本日ハ 晴天ナリ。
空はまるで仏の心のようにどこまでも澄んでいた。
そう、この空の向こうに彼は静かに直立している。
逢いに行くのだ、彼に。
阿修羅に・・・。
『阿修羅展』今回は、奈良は
興福寺に収蔵されている「国宝 八部衆立像」のうち、阿修羅を含む五躯と、「国宝 十大弟子像」 六躯のうち四躯、その他、運慶作と言われる「釈迦如来像頭部」などが展示されている。
その中でもやはり一番人気は阿修羅立像であった。
博物館に到着した時は、入り口まですでに長蛇の列が続いていた。
やっとの思いで入館すると、彷彿とした光の中、無駄を削ぎ落とした少年のような華奢な体が、神々しくそこにあった。

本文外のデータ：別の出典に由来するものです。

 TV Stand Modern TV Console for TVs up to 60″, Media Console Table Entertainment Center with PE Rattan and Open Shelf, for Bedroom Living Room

しかし、見惚れているのも束の間。現実では、阿修羅像の周りに三重四重の人の輪ができており、圧死寸前での鑑賞となった。
阿修羅、その人気の高さが伺える。
ともあれ、国宝 阿修羅立像をガラスケース無しの生で、しかも
「ぐるり360度」、その姿を拝観することができ、今生の思い出のひとつとなった。
阿修羅仏の教えをまもる「天」という位に属する八部衆の中の一神である。
もともとは古代インドの戦闘の神だったが、仏教に取り込まれ、護法の善神となったそうだ。
釈迦の教えによって開眼する前は、「天」の位の中でも特に上位に位置する「帝釈天」に戦いを挑み続けていたらしい。

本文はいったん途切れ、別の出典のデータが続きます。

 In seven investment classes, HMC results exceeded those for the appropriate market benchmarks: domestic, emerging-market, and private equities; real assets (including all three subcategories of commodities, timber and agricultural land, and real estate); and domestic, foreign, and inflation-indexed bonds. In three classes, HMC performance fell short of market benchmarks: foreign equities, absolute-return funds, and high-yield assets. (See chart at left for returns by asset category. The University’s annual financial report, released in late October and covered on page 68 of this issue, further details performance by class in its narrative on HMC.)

興福寺からはるばる来られた阿修羅像はそんな激しい気性の頃の面影はなく、静かで慈悲深く、どこか憂いのあるお顔をされていた。すべてを見透かされていそうな目に見つめられると、悪いことはできないなぁと思ってしまう。
近年、仏像鑑賞が静かなブームであると知った。
仏像ガールという仏像を愛してやまない女性もいる。
以前、NHKで
「にっぽん こころの仏像」という番組があったが、その反響が大きかったことに正直驚いた。老若男女問わず、それぞれ心に”これ”という「一仏」があるのだ。モデルの
はなchanは、仏像マニアで有名だが、特に思い入れがあるのは、東寺の「帝釈天」で、もうほとんど恋心に近いものらしい。
(オススメ本です)かく言う私も、修学旅行で毘盧遮那仏(奈良の大仏)を初めて見たとき、やっぱり自分は日本人だと思った覚えがある。自分の中の根底に「仏教」が流れていることを感じた。(「仏教」と言ってしまったら、やや大袈裟なのだが。)
そこではこんな句を詠んだ。
― 行く春や 毘盧遮那仏は 沈黙す chai ―奈良の大仏は過ぎ行く春を何度も見ながら、ただそこに静かに腰をおろして人々を受け入れてきたのである。その姿に感慨深くなったことを思い出す。
無宗教無信仰だと言われがちな日本人だが、私たちには気付かなくとも何かしら神仏の教えが心の中に入り込んでいるのだと思う。
友人がぼそりと告白した。「実は最近、仏像を観に行きたくて・・・。」
ここにもいたか。よし行こう!まずは阿修羅から。